Wednesday, April 1, 2026

 

Wednesday, April 1, 2026

    I yell out to my roommate, I am eating bacon, really bacon bits in my Elroy’s salad. I love bacon. I am expanding the variety of foods I can eat. I am taking medicine for my finicky esophagus.  One small pink pill with my morning breakfast and the world of eating food opens up for me. But will it last? I am keeping my fingers crossed.

     I have had a lazy esophagus for at least 15 years with frequent bouts of not swallowing anything for hours at a time. My family doctor, from years ago, described it as a lazy esophagus. Recently a relative describes his treatment for his swallowing issues. And now it is working for me. Yea for Omeprozoles.

     Time to get more gas for my car. Another task that family members have been doing for me for the last 5 years. Now it is my turn to just drive into the station and buy the gas. And I am nervous and reluctant. Another fear to overcome.

     I am now reading the fourth book in a historical fiction series, KOPP SISTERS ON THE MARCH, by Amy Stewart. A family of sisters living during the early twentieth century. Very comfortable to read. I continue to watch the endless episodes of THE CLOSER in the evening. One hundred episodes and one hundred different murders. Sigh.

Tuesday, March 31, 2026

 

Tuesday, March 31, 2026

     I check my email several times Monday looking for a response from the Coastal Commission to my Sunday letter of concern. Nothing yet and maybe never. Communicating through the internet does seem to be futile, as if I am playing a game. I do my daily exercises of walking on the deck and yoga chair exercises.

     Monday is an unexpected two nap day. I look for causes of tiredness so I can find solutions.  I curl up on the couch and doze for awhile. Not quite asleep and not awake, a strange state of mind.

     Cloudy damp morning.  Garbage truck is lumbering up the street. Neighbor’s dog is barking. Sometimes I wonder if a barking dog means someone needs help. I just don’t know.  The barking has stopped now.

     I am totally engrossed with reading THE SENSE OF AN ENDING, a novel by Julian Barnes. He creates an immediacy in the narrative. The story stays in my mind.  In the evening my roommate is on zoom meetings. I watch more episodes of the CLOSER.  Surely I can find some other good shows to watch.

Monday, March 30, 2026

 

Monday, March 30, 2026

    Ten thousand people show up for the no king rally by the beach in Monterey. I wonder where they all parked and what about bathrooms, food, benches.  I search the facebook images to see how it is handled. I am sure there was a lot of invisible work done by the organizers. I have to stay at home.

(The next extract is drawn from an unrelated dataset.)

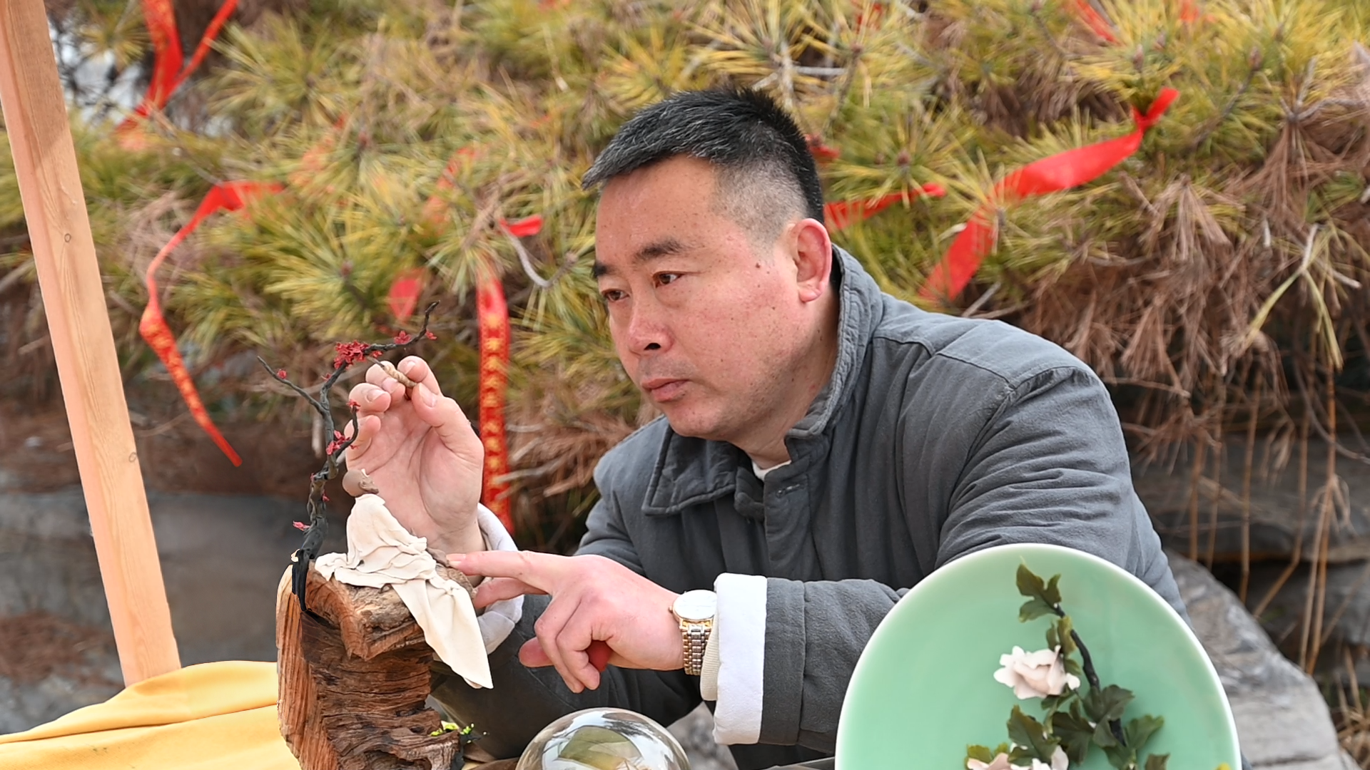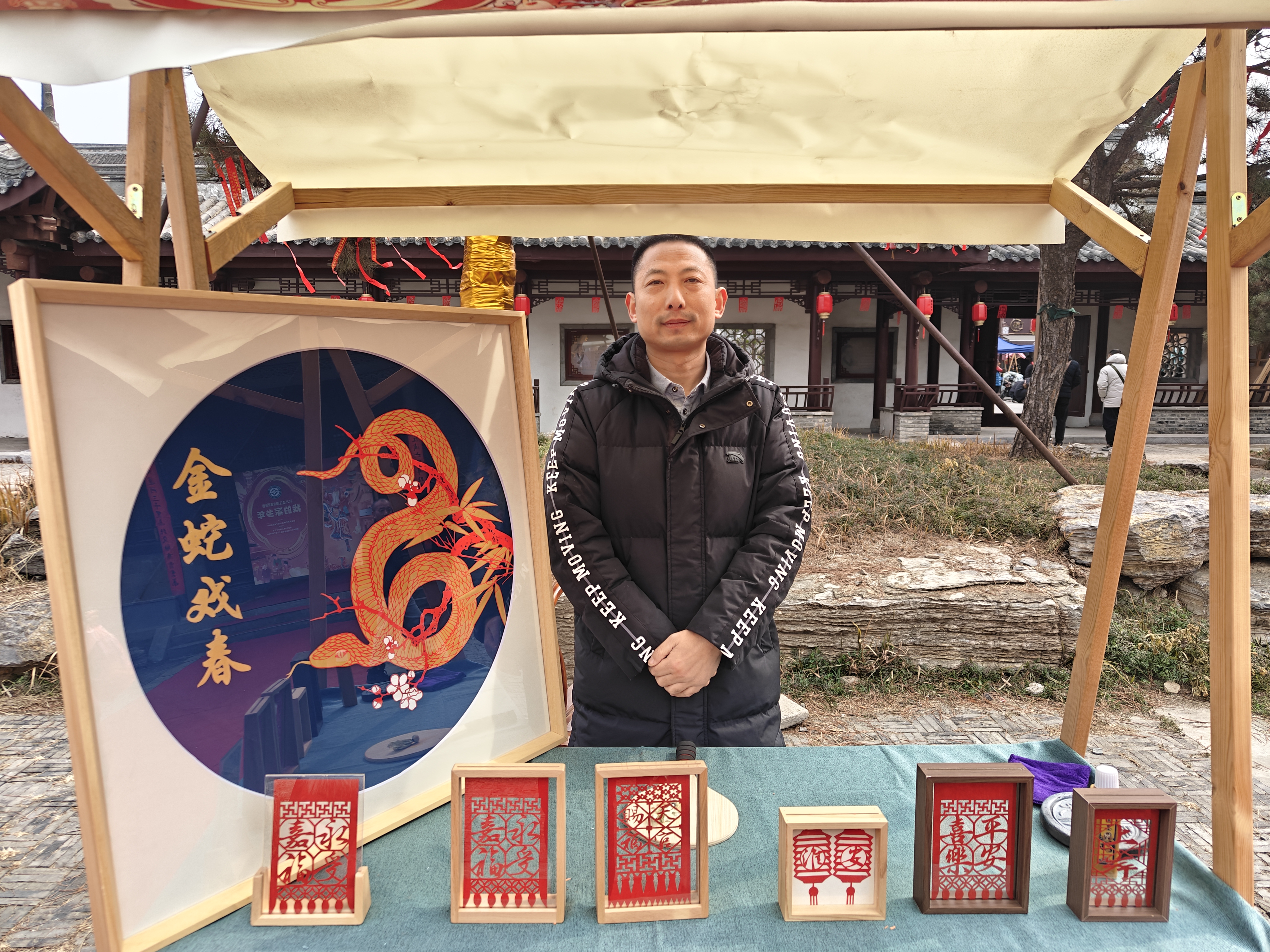 在崇圣书院门口,有两排户外非遗作品展销摊位,摊位上不仅摆满了精美的非遗作品,还有非遗传承人现场展示传统技艺,为活动添彩。“这是特地为乙巳年创作的《金蛇戏春》剪纸画,采用的是套色剪纸工艺,将四种颜色的纸张进行叠加,一次性剪切出多层的图案,让作品更加色彩丰富、层次分明。”剪纸(清江浦挂廊)非遗传承人段恺说,家里从爷爷辈就开始创作剪纸和挂廊作品,他会继续传承和发扬好剪纸技艺,积极参加各类非遗推广和互动活动,吸引更多年轻人关注非遗、传承非遗。

     My roommate plants sunflower seeds along the back fence.  Potential tall gorgeous sun flowers. The potato patch is filling up with green plants. During the day I look over the deck railing to see what is growing. Lots of patches of turned earth amidst the brown grasses.

     The tall man brings me a home made dinner with meat and mushrooms.  He is checking on my fickle esophagus. After each meal I smile, grateful for the ability to swallow easily.

      We watch another episode of the madcap show DEADLOCH.  I am looking for a written summery of what the show is really about. And I spend a lot of the day reading FIRESTORM by Jacob Soboroff. I am curious how the fire response team makes decisions and fight fires. I am afraid of fire storms. And fire season is starting here.